▶ **WHAT TO PRODUCE**: Once you reach the line with "Set with 9 oval" in the material below, copy each line exactly up to and including the line with "The Breakout: BTC", and skip the pictures.

▶ **RECORDS**:
-*-

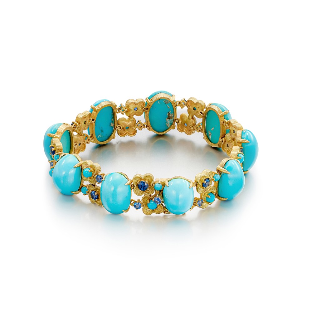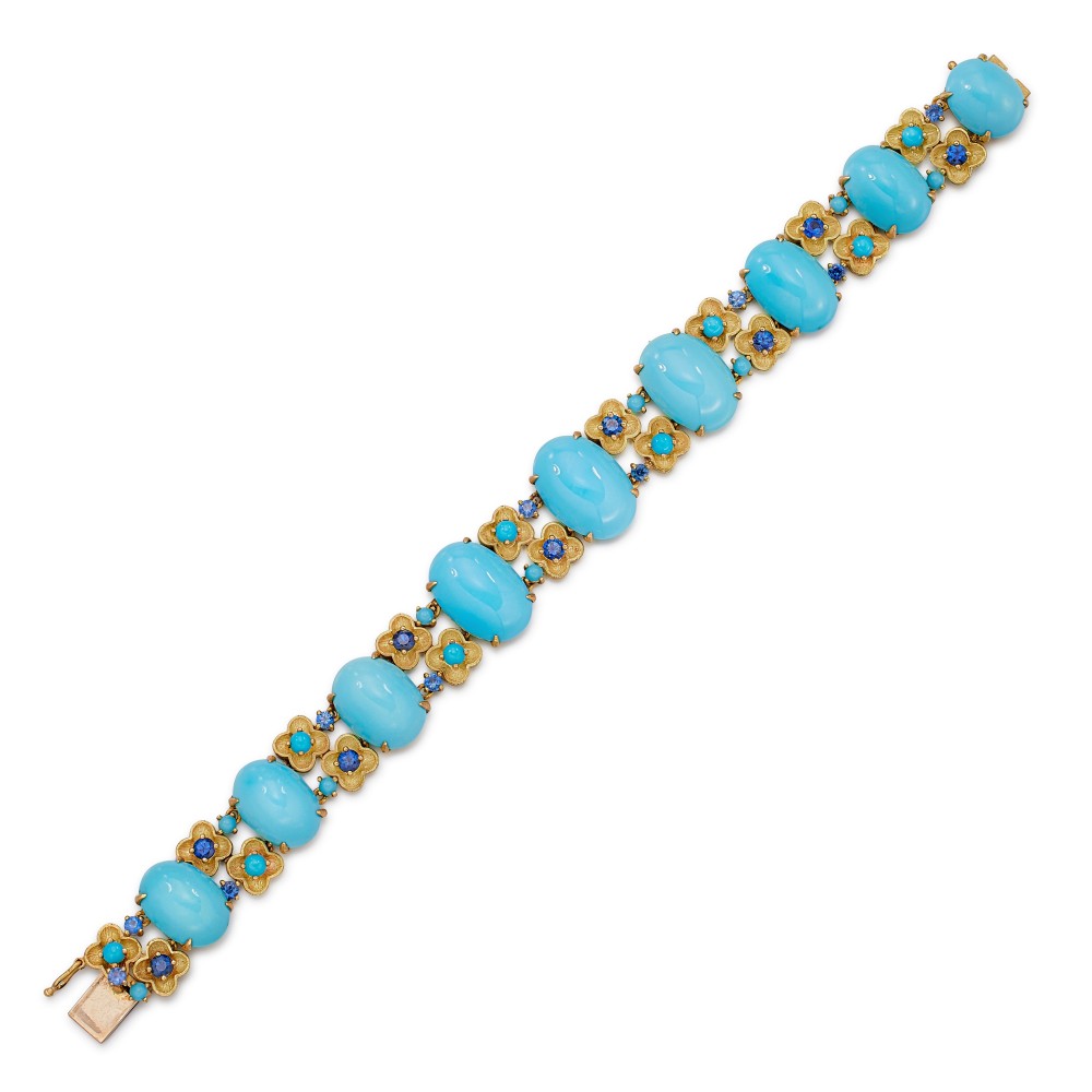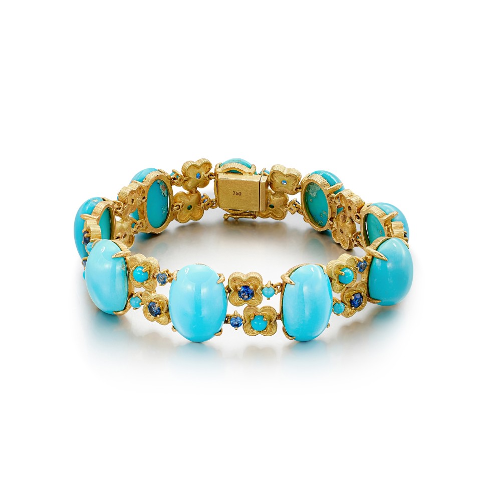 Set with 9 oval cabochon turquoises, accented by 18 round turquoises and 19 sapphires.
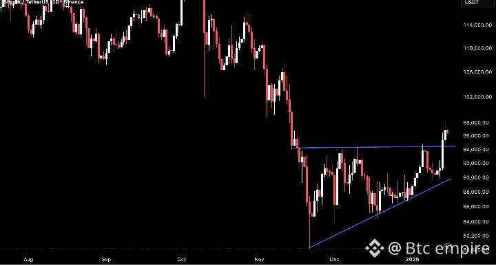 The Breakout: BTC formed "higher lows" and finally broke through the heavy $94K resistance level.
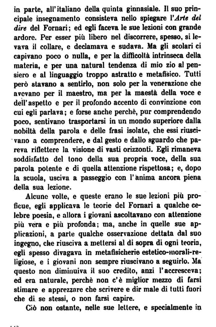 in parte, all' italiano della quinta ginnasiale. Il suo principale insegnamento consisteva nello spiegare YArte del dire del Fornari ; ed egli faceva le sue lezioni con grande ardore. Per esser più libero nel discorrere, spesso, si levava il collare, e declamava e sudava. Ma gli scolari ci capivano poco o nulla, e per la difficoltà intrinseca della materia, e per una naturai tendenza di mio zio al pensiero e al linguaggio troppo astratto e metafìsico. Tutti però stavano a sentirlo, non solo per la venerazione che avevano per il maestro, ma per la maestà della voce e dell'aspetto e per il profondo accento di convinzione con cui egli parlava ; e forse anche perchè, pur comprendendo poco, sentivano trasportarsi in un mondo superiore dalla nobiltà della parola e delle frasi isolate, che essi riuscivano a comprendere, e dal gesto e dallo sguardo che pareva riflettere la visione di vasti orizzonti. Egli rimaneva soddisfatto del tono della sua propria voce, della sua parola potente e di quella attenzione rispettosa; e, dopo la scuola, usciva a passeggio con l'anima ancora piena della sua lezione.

-*-

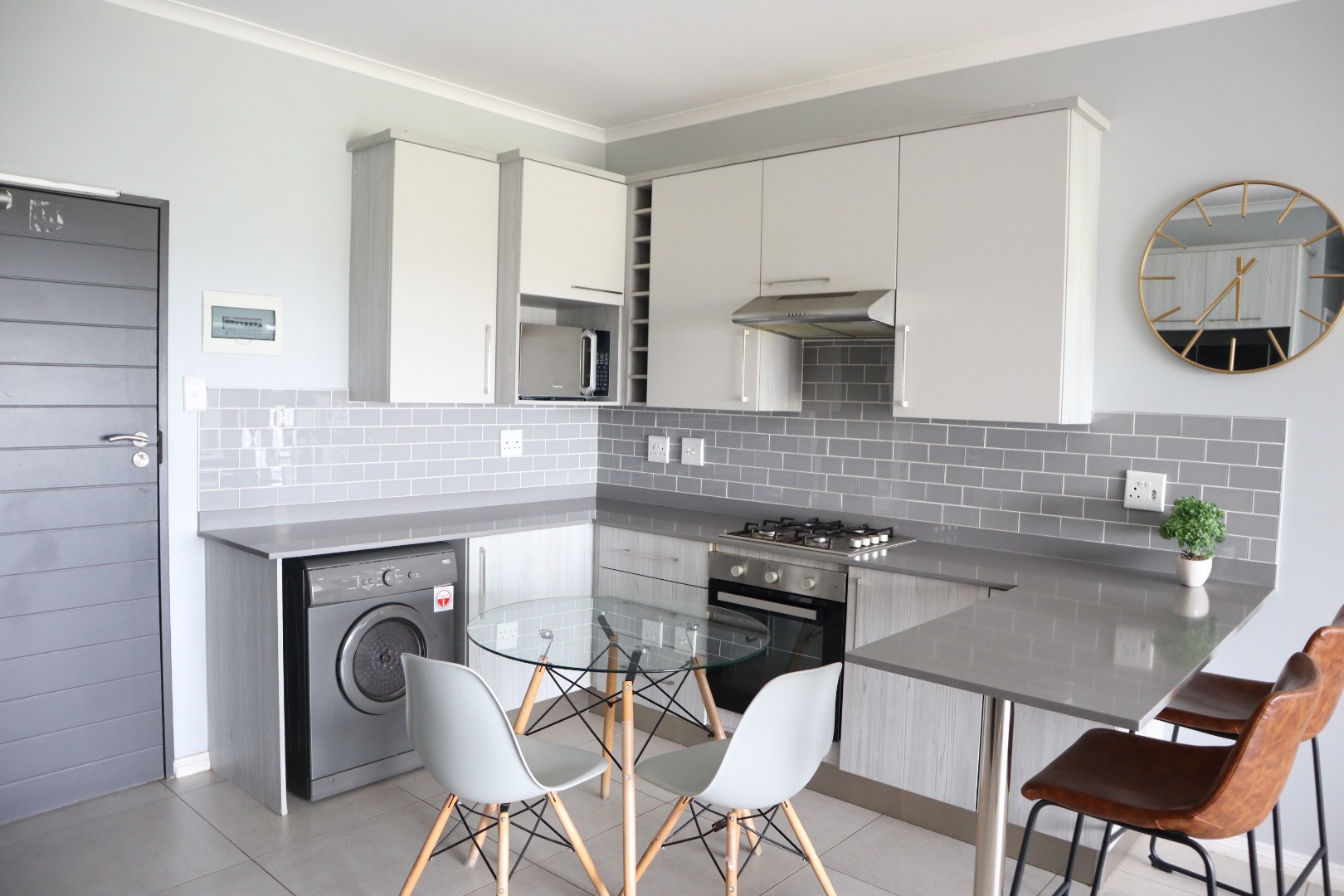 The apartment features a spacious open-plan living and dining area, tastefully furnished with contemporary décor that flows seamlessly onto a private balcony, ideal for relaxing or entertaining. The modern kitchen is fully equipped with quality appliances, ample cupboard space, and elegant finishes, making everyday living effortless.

-*-

▶ **SOLUTION FOR THIS TASK**:
 Set with 9 oval cabochon turquoises, accented by 18 round turquoises and 19 sapphires.
 The Breakout: BTC formed "higher lows" and finally broke through the heavy $94K resistance level.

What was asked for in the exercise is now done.